→ INSTRUCTIONS FOR THE TASK
Please reproduce all entries word for word, leaving every image behind.

→ DATA FOR ANALYSIS
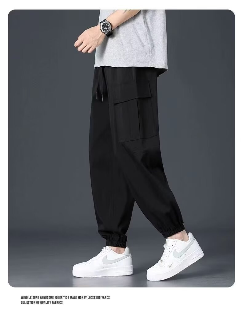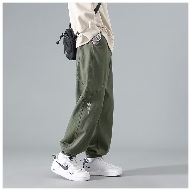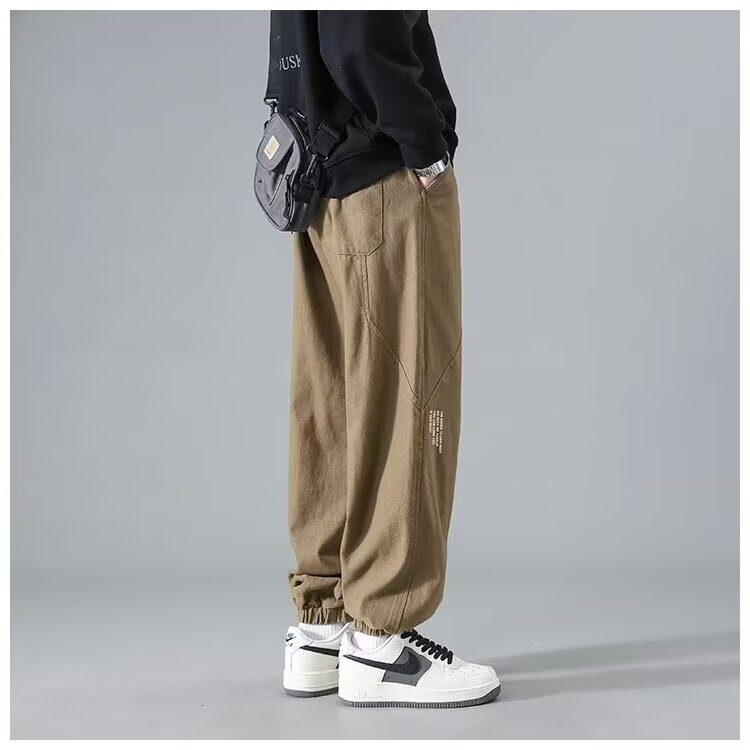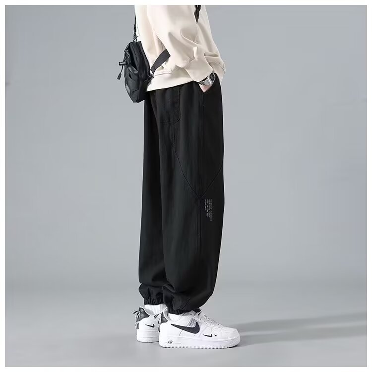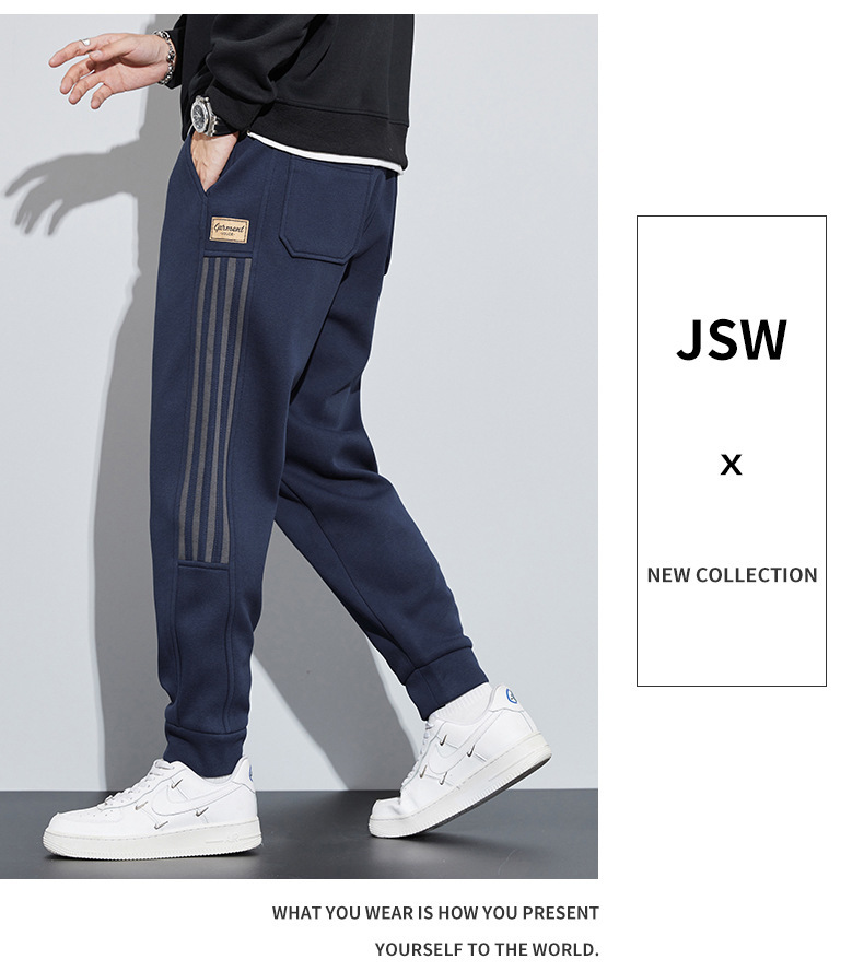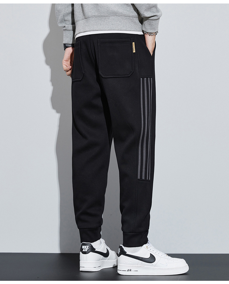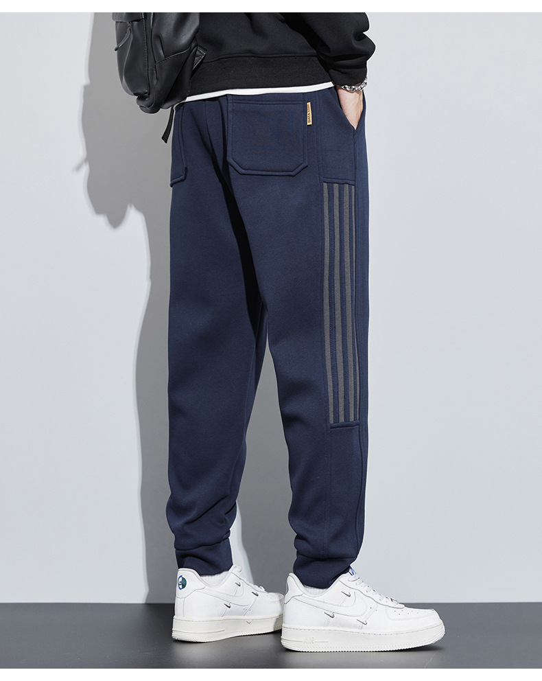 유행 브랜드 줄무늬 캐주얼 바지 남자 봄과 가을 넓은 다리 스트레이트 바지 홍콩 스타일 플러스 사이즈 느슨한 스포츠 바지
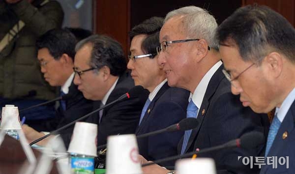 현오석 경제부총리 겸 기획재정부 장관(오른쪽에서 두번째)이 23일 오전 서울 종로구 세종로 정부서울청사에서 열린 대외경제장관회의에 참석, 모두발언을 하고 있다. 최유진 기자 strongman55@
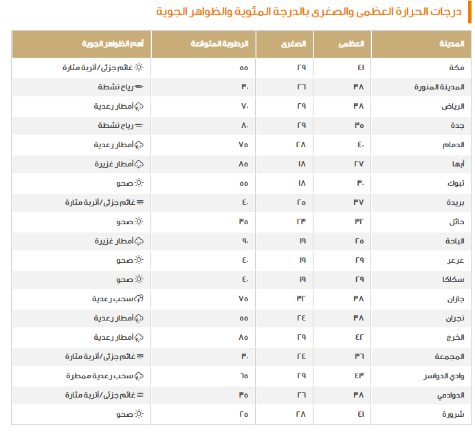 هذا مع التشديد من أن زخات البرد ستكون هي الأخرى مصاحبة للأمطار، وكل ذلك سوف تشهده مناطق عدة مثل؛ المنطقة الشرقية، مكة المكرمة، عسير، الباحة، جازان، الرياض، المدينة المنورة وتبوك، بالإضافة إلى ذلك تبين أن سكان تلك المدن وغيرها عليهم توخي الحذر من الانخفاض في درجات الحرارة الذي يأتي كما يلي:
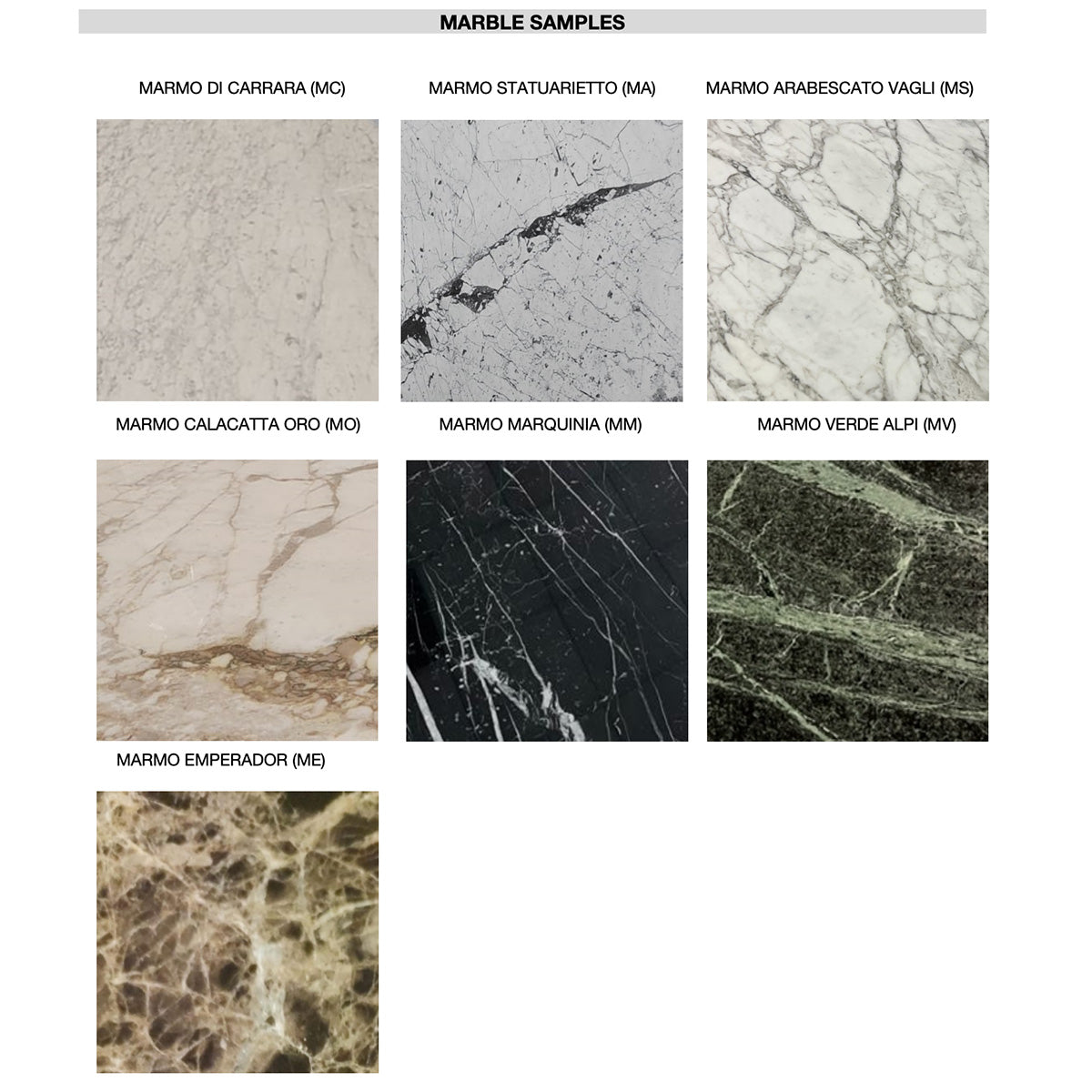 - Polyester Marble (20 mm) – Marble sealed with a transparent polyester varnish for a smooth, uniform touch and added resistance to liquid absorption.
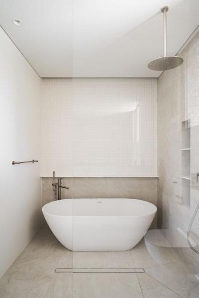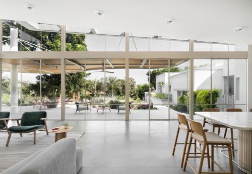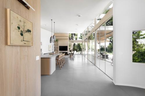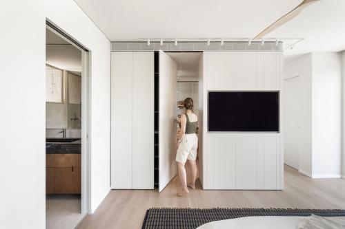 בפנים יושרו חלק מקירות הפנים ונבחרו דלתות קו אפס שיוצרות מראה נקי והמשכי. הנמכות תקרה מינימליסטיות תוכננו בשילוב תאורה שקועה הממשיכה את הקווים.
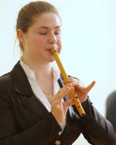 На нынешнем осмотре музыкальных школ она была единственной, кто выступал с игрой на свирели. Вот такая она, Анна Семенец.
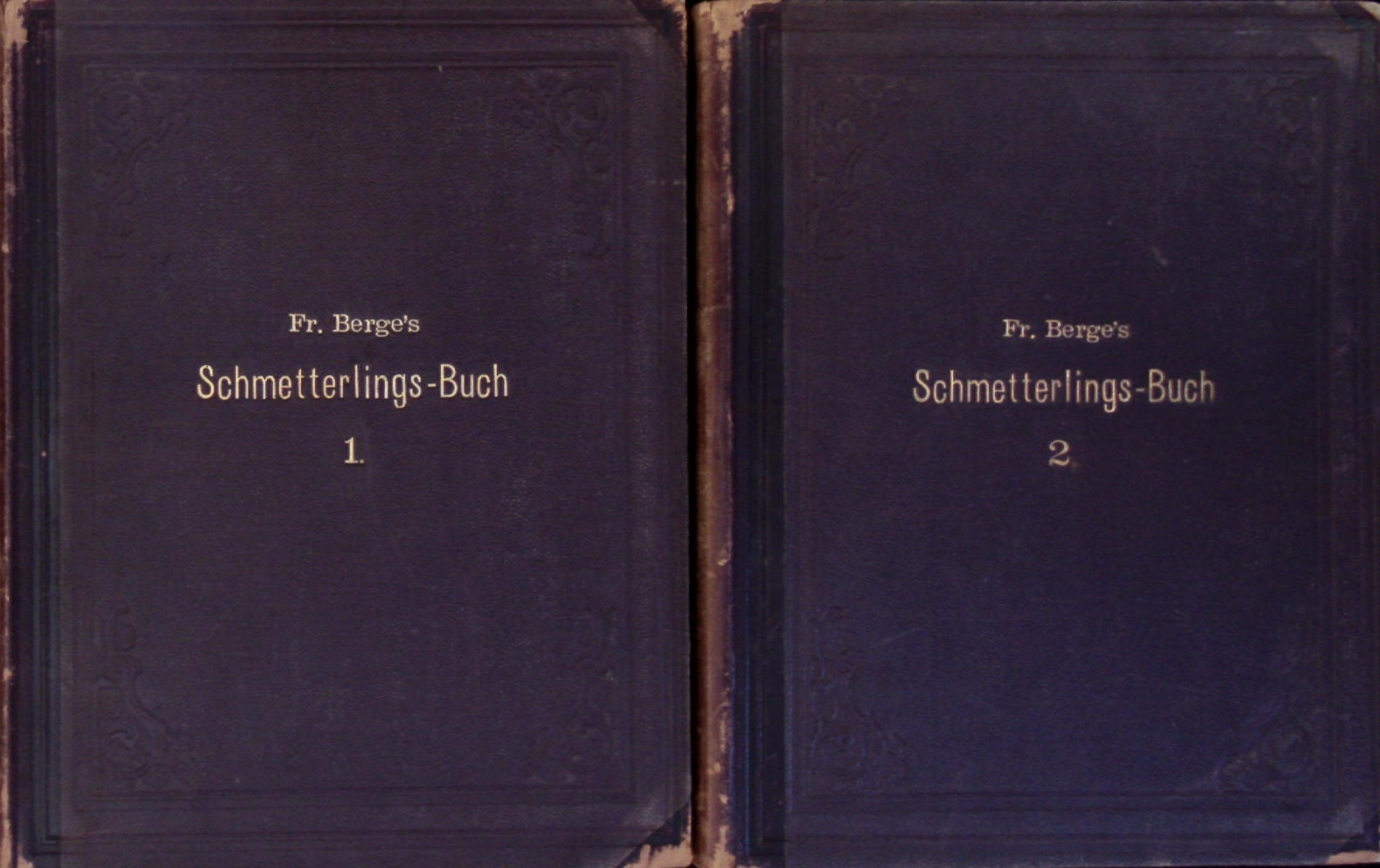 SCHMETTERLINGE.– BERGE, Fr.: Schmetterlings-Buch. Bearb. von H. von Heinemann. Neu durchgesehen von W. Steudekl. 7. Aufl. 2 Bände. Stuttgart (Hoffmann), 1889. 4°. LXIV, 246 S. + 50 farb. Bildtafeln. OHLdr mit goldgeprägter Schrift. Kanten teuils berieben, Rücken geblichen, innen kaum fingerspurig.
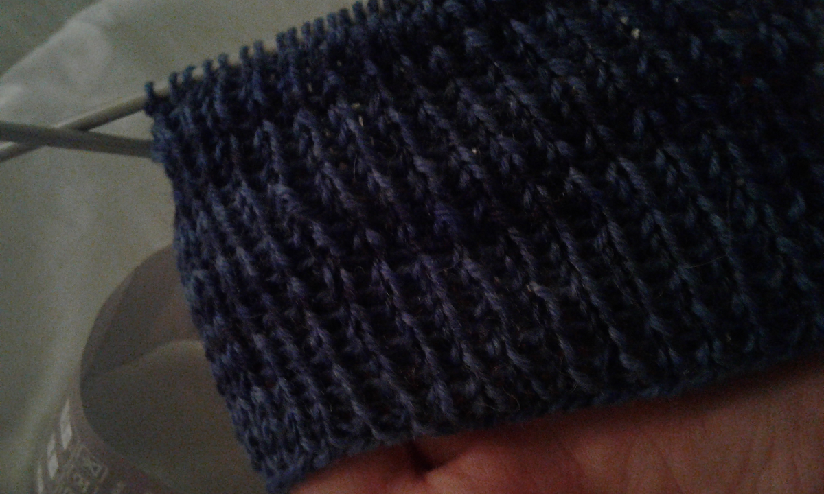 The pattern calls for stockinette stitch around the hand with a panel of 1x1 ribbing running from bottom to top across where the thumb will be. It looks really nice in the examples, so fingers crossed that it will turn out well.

→ TASK OUTPUT
 유행 브랜드 줄무늬 캐주얼 바지 남자 봄과 가을 넓은 다리 스트레이트 바지 홍콩 스타일 플러스 사이즈 느슨한 스포츠 바지
 현오석 경제부총리 겸 기획재정부 장관(오른쪽에서 두번째)이 23일 오전 서울 종로구 세종로 정부서울청사에서 열린 대외경제장관회의에 참석, 모두발언을 하고 있다. 최유진 기자 strongman55@
 هذا مع التشديد من أن زخات البرد ستكون هي الأخرى مصاحبة للأمطار، وكل ذلك سوف تشهده مناطق عدة مثل؛ المنطقة الشرقية، مكة المكرمة، عسير، الباحة، جازان، الرياض، المدينة المنورة وتبوك، بالإضافة إلى ذلك تبين أن سكان تلك المدن وغيرها عليهم توخي الحذر من الانخفاض في درجات الحرارة الذي يأتي كما يلي:
 - Polyester Marble (20 mm) – Marble sealed with a transparent polyester varnish for a smooth, uniform touch and added resistance to liquid absorption.
 בפנים יושרו חלק מקירות הפנים ונבחרו דלתות קו אפס שיוצרות מראה נקי והמשכי. הנמכות תקרה מינימליסטיות תוכננו בשילוב תאורה שקועה הממשיכה את הקווים.
 На нынешнем осмотре музыкальных школ она была единственной, кто выступал с игрой на свирели. Вот такая она, Анна Семенец.
 SCHMETTERLINGE.– BERGE, Fr.: Schmetterlings-Buch. Bearb. von H. von Heinemann. Neu durchgesehen von W. Steudekl. 7. Aufl. 2 Bände. Stuttgart (Hoffmann), 1889. 4°. LXIV, 246 S. + 50 farb. Bildtafeln. OHLdr mit goldgeprägter Schrift. Kanten teuils berieben, Rücken geblichen, innen kaum fingerspurig.
 The pattern calls for stockinette stitch around the hand with a panel of 1x1 ribbing running from bottom to top across where the thumb will be. It looks really nice in the examples, so fingers crossed that it will turn out well.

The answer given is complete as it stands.